The nursery industry is a key segment of U.S. agriculture with an estimated wholesale value of almost $13 billion in 2006 (Jerardo, 2007). In 2006, the 17 largest nursery-producing states in terms of gross sales accounted for 471,106 acres of production and employed 112,672 workers (U.S. Department of Agriculture, 2007). In 2007, the value of greenhouse and nursery crops in Oregon alone was estimated to be over $1 billion (O'Connor, 2008). To expand or even maintain this key segment of agriculture will require well-trained employees. One source of qualified employees in the nursery industry is students at land grant universities. In the past, many of the horticulture and plant science programs at these institutions have offered a class in nursery management and production. However, availability of qualified faculty, integration of departments, and cutbacks in horticulture programs may have led to a reduction in the number of nursery management and production (NMP) courses being offered in the United States.
Nursery management and production involves an understanding of fundamental principles as well as practical operations. A traditional NMP course includes classroom lectures and observation of actual production systems and operations. Ideally, an NMP course includes field trips to nurseries to view various production systems in situ. The benefit of visual and on-site experiences for enhanced learning is well documented (Brunner, 1961; Krepel and DuVall, 1981; Larkin-Hein and Zollman, 2000). In many cases, however, budget constraints, time limits, transportation logistics, and limited access to qualified nurseries may make scheduling field trips a challenge. Recently, a set of instructional DVDs were produced by horticulture educators for use in teaching greenhouse production courses (Harkess et al., 2007). Each instructional unit in the DVD set focused on one individual greenhouse production business and its operations. In lieu of nursery site visits, it is possible that instructors could use multimedia tools (e.g., DVDs) for instructional purposes. Lin and Fox (1999) showed that videos can be highly motivational compared with more traditional methods of instruction. Although some multimedia materials are available for individual topics in nursery production, they are generally expensive and often contain dated material. For example, American Nurseryman (Chicago) used to offer a two-videotape series produced in 1992 for $100 but does not currently offer any DVDs (American Nurseryman, 2010). San Luis Video Publishing (Los Osos, CA) offers a small number of DVDs on greenhouse management, each ≈30 min long and costing $95 (San Luis Video Publishing, 2010). Insight Media (New York) offers a DVD on container-grown plants. Unfortunately, this DVD on a single topic is from 1990, is only 26 min long, and costs $129 (Insight Media, 2010).

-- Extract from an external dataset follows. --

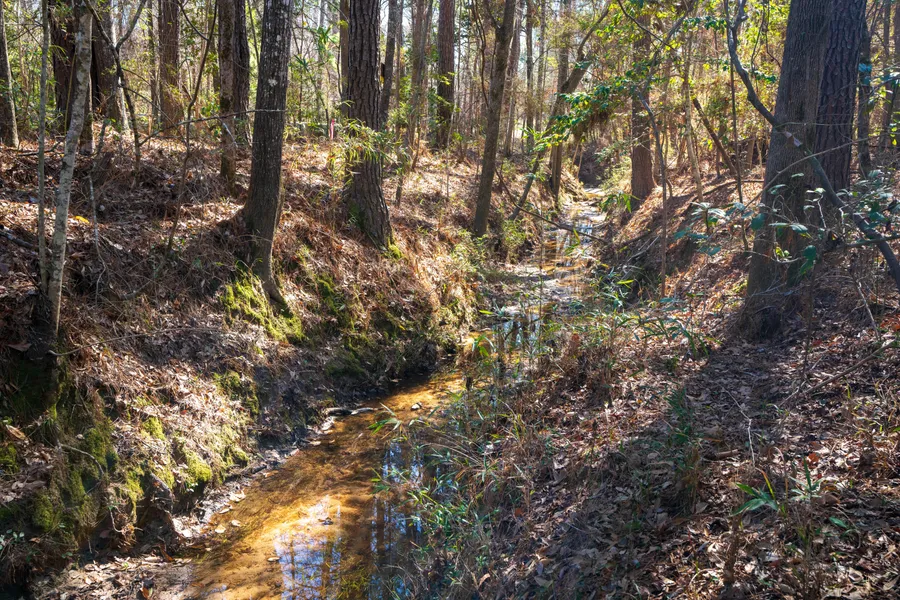 Towering pines blanket this 12 Acre property from end to end. A trail and a small home/camp site have been cleared on the main hill near the middle of the land. Additional underbrushing to open up the forest floor beneath these tall pines would turn this property into a park. Massive hardwoods are also scattered throughout the creek bottom. This creek is exceptional, with clear running water and sandy banks! This water features provides opportunity for self sufficiency while also attracting plentiful game from the vast surrounding timberland parcels.

To date, there has not been a survey of horticulture and related departments in the United States to gather information on course content and the current use of field trips and multimedia tools in NMP courses. The current lack of instructional multimedia resources for NMP courses coupled with the availability of technology and the likely ease of incorporating such resources at most universities suggests that there may be a need and/or desire for virtual field trips to supplement current field trips and classroom instruction. Possible shifts in departmental focus (from applied to basic), merging of departments (personal observation), and the number of qualified faculty could affect traditional NMP instructional strategies. Therefore, the objective of this study was to gain information about NMP course content and enrollment, attitudes regarding the use of multimedia resources in the classroom, and opinions about the use of virtual field trips to supplement or replace traditional field trips.